Leilani Read

Personal information
- Full name: Leilani Elizabeth Taufailematagi Read
- Born: 31 August 1973 Titahi Bay, New Zealand
- Died: 17 August 1999 (aged 25) Wellington, New Zealand
- Occupation: Schoolteacher
- Height: 1.84 m (6 ft 0 in)

Netball career
- Playing positions: GA, GS
- Years: National team / Caps
- 1993-96: New Zealand / 9
- 1995: Samoa / 7

Medal record
Representing New Zealand
World Games
| Silver medal – second place | 1993 The Hague | Netball |

= Leilani Read =

New Zealand and Samoa netball player

Leilani Read (1973—1999) was a netball player who played nine times for the New Zealand national netball team and also for the Samoa national netball team. Read suffered from a rare blood disorder and died from a brain haemorrhage at the age of 25.

==Career==
Leilani Elizabeth Taufailematagi Read, of Samoan descent, came from Titahi Bay in the Wellington Region of the North Island of New Zealand. She was born on 31 August 1973 and attended Wellington Girls' College from 1987 to 1991. She played netball for Wellington as a Goal shooter (GS) or Goal attack (GA), and was chosen in 1993 to play for the Silver Ferns, New Zealand's national team, making her debut in a match against Namibia held at Palmerston North, New Zealand on 15 May. She was in the New Zealand team that won a silver medal at the 1993 World Games, in The Hague, Netherlands. Dropped in 1994, she decided to play for Samoa in the 1995 Netball World Championships, which were held in Birmingham, England, where Samoa finished ninth out of 27 teams, topping its qualifying group. She rejoined the Silver Ferns in 1996.

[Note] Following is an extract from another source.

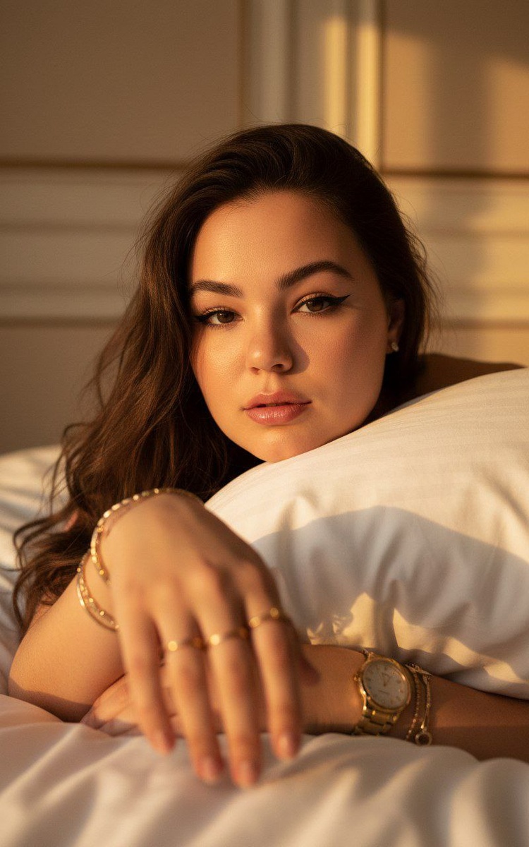 😀Выбираем "нейросети" 😀Нажимаем "Nano Banana" 😀Нажимаем "Nano Banana Pro" 😀Прикрепляем через скрепку свое фото и выбранный промпт 😀Наслаждаемся результатом🫶 Создай фото не меняя черты лица и цвет волос.Вертикальный ультрареалистичный кинематографичный портрет: молодая женщина лежит на кровати в тёплом золотом свете. Съёмка с уровня ног, малая глубина резкости, эффектная перспектива — её рука с золотыми часами и украшениями в резком фокусе, взгляд притягивает к лицу. Длинные волосы рассыпаны по подушке, кожа сияющая с лёгким загаром. Макияж чувственный: cat-eye стрелки, длинные ресницы, нежно-розовые приоткрытые губы. Интерьер в кремово-бежевых тонах с мягкими тенями и деревянными акцентами. Лёгкое плёночное зерно, тёплая цветокоррекция, высокая детализация глаз и золота. Атмосфера: роскошь, уютная, high-end fashion editorial.

Known for her cheerful and "bubbly" personality, Read was a high school teacher. She was due to play again for Samoa in the 1999 World Netball Championships in Christchurch, New Zealand, but in August 1999 she suffered a brain haemorrhage that was caused by a rare blood disorder and died on 17 August. She was buried at the Whenua Tapu Cemetery at Pukerua Bay.